Motivated by this problem, the central idea studied in this thesis is to utilise a set of
policies, or types, to characterise the behaviour of other agents. Specifically, the idea is
to reduce the complexity of the interaction problem by assuming that the other agents
draw their latent type from some known or hypothesised space of types, and that the
assignment of types is governed by an unknown distribution. Based on the current
interaction history, we can form posterior beliefs about the relative likelihood of types.
These beliefs, combined with the future predictions of the types, can then be used in a
planning procedure to compute optimal responses. The aim of this thesis is to study the
potential and limitations of this idea in the context of ad hoc coordination.

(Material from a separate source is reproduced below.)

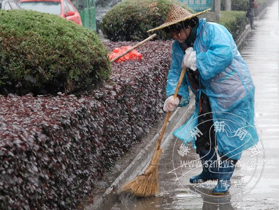 昨天上午10点左右,刺骨的寒风,漫天的飞雪,让行人睁不开眼睛,可环卫工人依然坚守着岗位。虽然落下的雪因为伴着雨并没有在地面上堆积起来,但由于道路变湿,不少树叶都贴在了路上,再经过车辆的碾轧,给环卫工作带来很大的麻烦。再加上天冷,环卫工人的工作环境也变得恶劣。清洁嵊州大道一段的何大妈告诉记者,为了清扫雨雪,她中午没有回去,就着咸菜吃了两个淡馒头。她笑着对记者说:“省点时间,早点好扫干净嘛。”据记者从市环卫处了解,这一天,全市有225个环卫工人奋战在迎击雨雪的第一线。

We formulate the ad hoc coordination problem using a game-theoretic model called
the stochastic Bayesian game. Based on this model, we derive a canonical algorithmic
description of the idea outlined above, called Harsanyi-Bellman Ad Hoc Coordination
(HBA). The practical potential of HBA is demonstrated in two case studies, including a
human-machine experiment and a simulated logistics domain. We formulate basic ways
to incorporate evidence (i.e. observed actions) into posterior beliefs and analyse the
conditions under which the posterior beliefs converge to the true distribution of types.

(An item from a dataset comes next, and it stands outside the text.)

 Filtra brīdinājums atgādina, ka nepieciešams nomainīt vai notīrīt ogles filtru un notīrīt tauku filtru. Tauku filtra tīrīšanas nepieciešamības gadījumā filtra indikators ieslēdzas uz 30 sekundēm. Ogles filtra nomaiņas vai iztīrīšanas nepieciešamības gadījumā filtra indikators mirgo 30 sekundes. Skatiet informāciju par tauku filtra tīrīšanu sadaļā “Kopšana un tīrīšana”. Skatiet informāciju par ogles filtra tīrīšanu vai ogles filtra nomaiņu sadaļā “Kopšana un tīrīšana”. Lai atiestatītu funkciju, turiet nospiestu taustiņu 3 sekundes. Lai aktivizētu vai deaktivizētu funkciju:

Furthermore, we study the impact of prior beliefs over types (that is, before any actions
are observed) on the long-term performance of HBA, and show empirically that automatic
methods can compute prior beliefs with consistent performance effects. For
hypothesised (i.e. “guessed”) type spaces, we analyse the relations between hypothesised
and true type spaces under which HBA is still guaranteed to solve its task, despite
inaccuracies in hypothesised types. Finally, we show how HBA can perform an automatic
statistical analysis to decide whether to reject its behavioural hypothesis, i.e. the
combination of posterior beliefs and types.